Much of the school-to-work subcommittee's effort in 2004 will be directed toward increasing awareness, among ASA members, of the PRO-TECH Automotive Service Program. The program is designed to provide training for independent repair technicians equivalent to that provided for dealership technicians by the OEMs. The subcommittee wants to get the word out that any shop anywhere in the United States can participate in the program.
Under the program, a student is enrolled in a two-year, college-level training sequence that leads to an associate degree in applied science with a major in automotive technology. The Automotive Technology Department at Oklahama State University-Okmulgee administers the program's activities.
Half of a student's two-year training is conducted at OSU-Okmulgee; the remaining time is allocated for on-the-job experience through employment at an automotive service center.
The automotive service center is responsible for selecting the student and paying the student while he or she completes an internship at the service center.
Also part of the school-to-work subcommittee's effort this year will be reviewing the first draft of its input to the Automotive Training Managers Council to help in creating Guidelines for Technician Recruitment. And, to help create a higher-quality version of the ASA career brochure, Automotive Technician. A Challenging and Changing Career.

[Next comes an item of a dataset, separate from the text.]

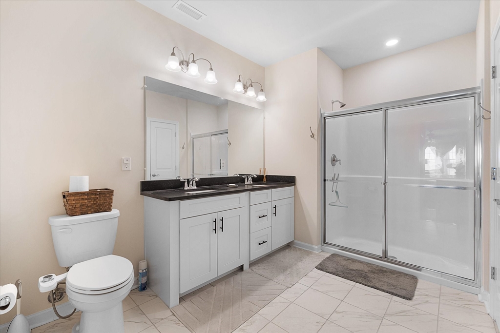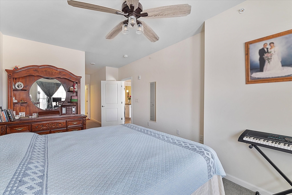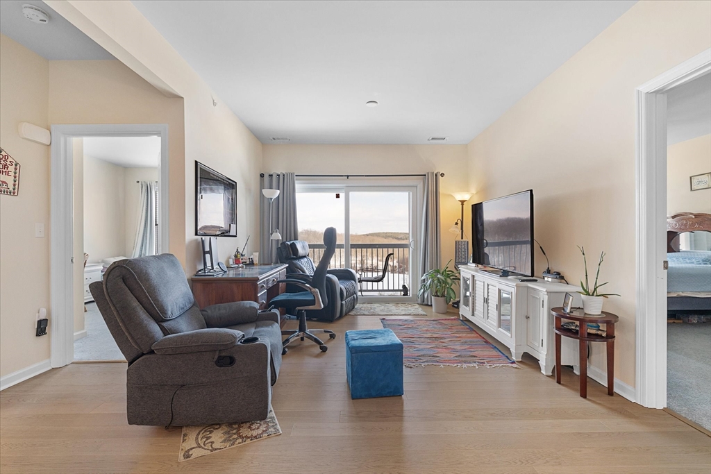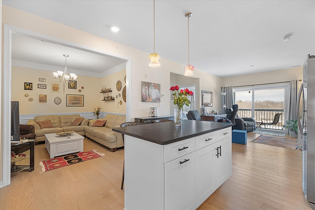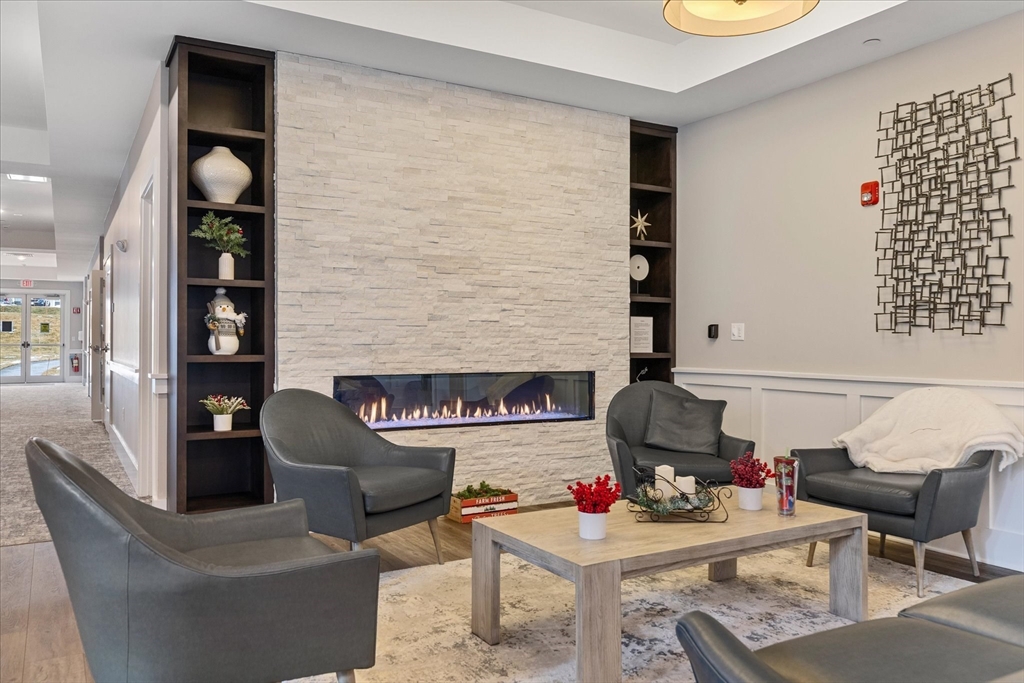 This top tier upgraded unit is available now, so why wait for new construction when you can move right in? Unlike base models offered by the sales office, this home features gas powered forced air heat and two deeded garage parking spaces, an extremely rare offering with comparable parking in newer units selling for approximately $45,000. Open floor plan with high ceilings, white cabinetry, quartz countertops, and wainscoting in the dining area. Spacious living room and family room. Primary suite offers bay windows, two walk in closets, and an oversized bathroom. Additional walk in closet off the foyer plus large storage and laundry rooms. Enjoy sunrise and peaceful nature views from your private retreat in the 55 plus Del Webb Chauncy Lake community near downtown Westborough and major routes.

The maintenance-free vehicle subcommittee will be working on a brochure designed to explain to customers the value of preventive maintenance and to help unravel the myth of the "100,000-mile," maintenance-free vehicle. This will be a new member benefit that will assist shops with helping consumers understand the value of maintaining their automobiles.
For the past four years, Bill Filley, owner of Prairie Road Automotive in Eugene, Ore., has served as Mechanical Division director. Under his leadership, the division has scored a win for the home team on service information, achieved much success in maintaining a strong wall of defense against some recurring issues, and tackled - head-on - various new issues.
In 2004, ASA national mechanical members will elect a new director. This person will continue the direction, purpose and dedication that have been established by previous operations committee members and division directors. He will bring his knowledge, experience and leadership to the committee and work with the committee to maintain focus on identifying and solving issues affecting the automotive service professional.